It's easy to get support from:

* Local historical society, has a ton of info and is only too happy to share ("Youngin's these days don't care!") etc. etc. Excited that young people will be researching the town's history.

* Local newspaper, willing to let us have the entire newspaper archives in exchange for digitizing it for them. At the end of it we will have an entire searchable DB of hundreds of years worth of plot and character info.

* Local newspaper, willing to give us free press because it's more exciting than printing about Sherrif Farmer's dog or whatever else they fill up space with

* Local college students and student associations (engineering/nerd school), bored to tears with Nerf Wars or whatever else it is they do on weekends and are willing to do insane amounts of work for even a modest reward

* Local college is based around a historical person and is only too happy to learn he is a major character in the plot, instant writeups from student journalists and support/goodwill from college staff, invaluable help from professors

* Lots of bored CS students with nothing better to do. There's plenty of bored website designers and so on, and enough really competent people that we can roll out a small voip network or build a few robots into the landscape (trapdoors in abandoned buildings and whatnot)

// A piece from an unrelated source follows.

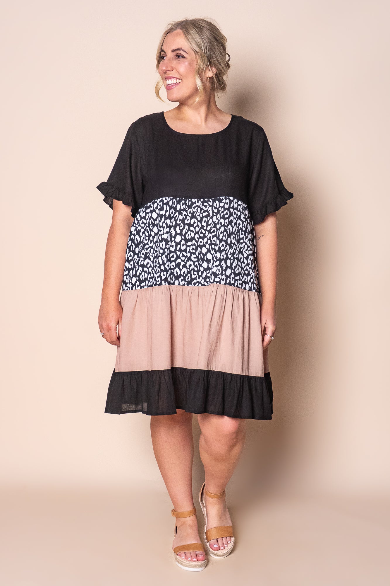 The Nigella Dress in Black features a striking combination of black, beige, and white with an elegant animal print panel. Crafted from a viscose-linen blend with polyester contrast, this dress offers both comfort and style. It highlights a round neckline and short sleeves adorned with delicate ruffle detailing. Designed with functional side pockets and a relaxed, true-to-size fit, it provides versatility for any occasion. For a more tailored silhouette, consider sizing down. Available in a wide range of sizes, including plus, the Nigella Dress balances sophistication with effortless wearability.

This is, I think, the recipe for our success in a small college town. I would
not take this route at all if you're trying to hit some urban area (from your
initial post it looks like you're doing it as marketing, so quite frankly I
wouldn't recommend doing any of this if your intent is to reach large groups
of people). I should also note that this is just a side project (and a long-
term one at that), I expect to take a few years planning before I actually do
it (I have a startup that requires all my attention in the meantime).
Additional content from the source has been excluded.